Numerical Investigations on the Ultrasonic Atomization of Catalyst Inks for Proton Exchange Membrane Fuel Cells

Abstract

In the fabrication of a proton exchange membrane fuel cell electrode, the catalyst layers (CLs) are coated onto either a gas diffusion medium or a membrane. The deposition method of the catalyst ink plays an important role in the structure of the CL, which directly affects its electrochemical performance. Ultrasonic spraying is a method commonly employed for depositing catalyst ink onto the membrane, and the consequent droplet size is correlated to the microstructure of the CLs. In this study, a two-dimensional nozzle model that vibrates at an ultrasonic frequency was developed to simulate the spraying process of the catalyst ink.
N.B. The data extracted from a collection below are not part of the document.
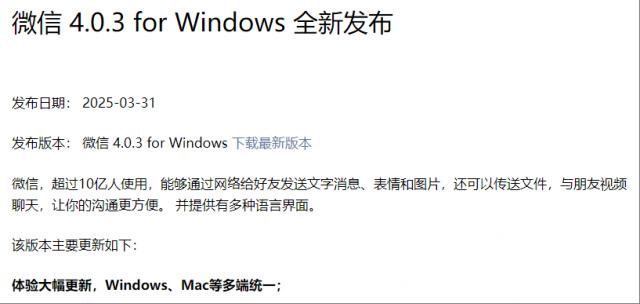 根据“微信”官网消息,最近,微信在多个平台上推出了新版本。据悉,这次感觉大幅更新,Windows、Mac 等待多端统一。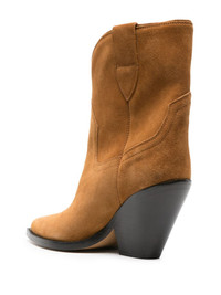 Leyane 90mm suede boots Western styles inform ISABEL MARANT's designs, as demonstrated by these cognac-brown Leyane boots. They are crafted in Italy from panels of supple calf suede to a pointed-toe silhouette grounded on a towering, sharply slanted Cuban heel. Highlights - Cognac brown - Calf suede - Panelled design - Decorative stitching - Double pull-tab at the opening - Pointed toe - Pull-on style - Branded leather insole - 90mm cuban heel - Leather sole Made in Italy Composition Suede 100% SIZE & FIT Measurement HEEL 3.54 in(9 cm) CIRCUMFERENCE 11.81 in(30 cm) Sole height 0.39 in(1 cm) HEIGHT 6.69 in(17 cm)
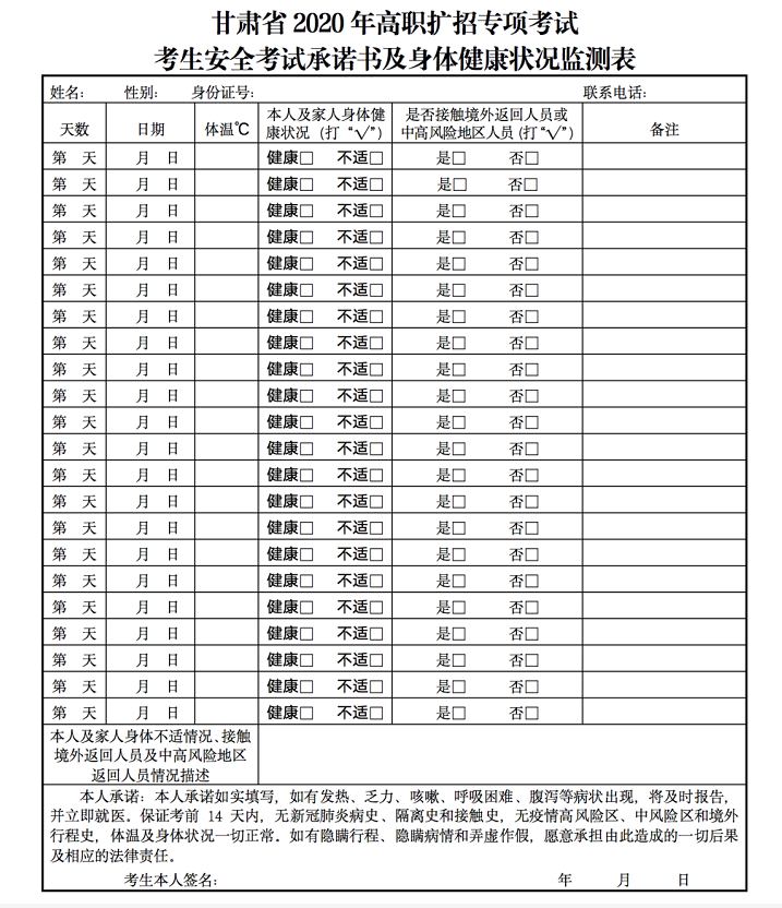 2.2020年甘肃省高职扩招专项考试考生安全考试承诺书及身体健康状况监测表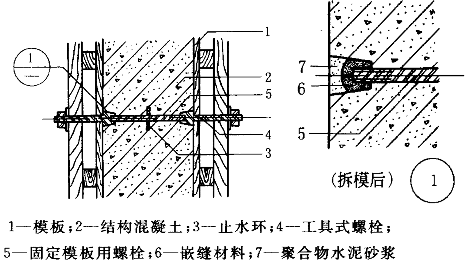 4.在池壁形成的螺栓锥形槽,应采用无收缩、易密实、具有足够强度、与池壁混凝土颜色一致或接近的材料封堵,封堵完毕的穿墙螺栓孔不得有收缩裂缝和湿渍现象。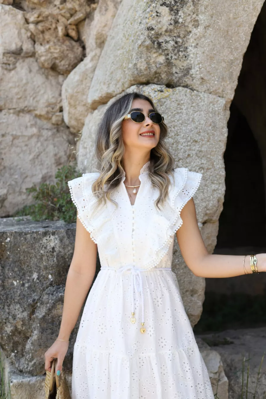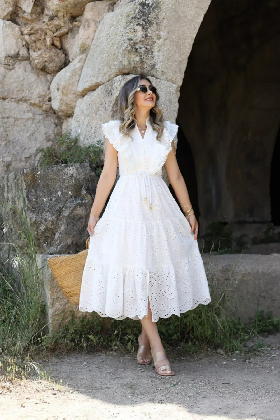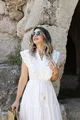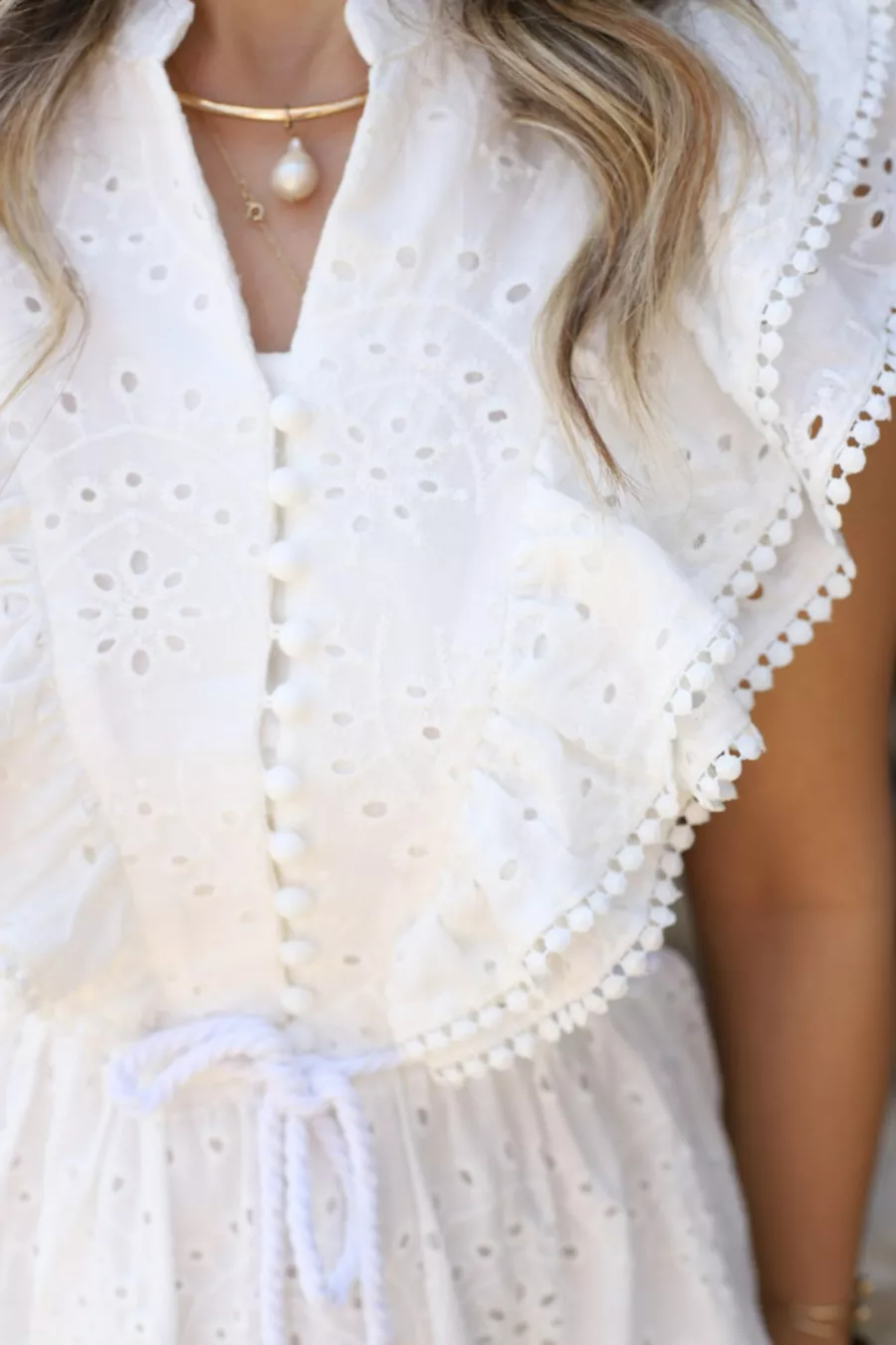 Robe blanche à volants devant sans manche avec broderie anglaise

The volume of the fluid method with dynamic meshing was used. Parametric studies were carried out to gain insights into the atomization process. It was found that measures such as increasing the nozzle amplitude and frequency, and selecting the surface tension and viscosity of the catalyst ink within a proper range, are conducive to obtaining finer droplets and narrower droplet size distribution. Simulation results of non-Newtonian fluids with different viscosity ranges show that the ink fluid with higher viscosity and low shear rate improves the spray quality. This observation is consistent with the results of Newtonian fluids with different viscosities.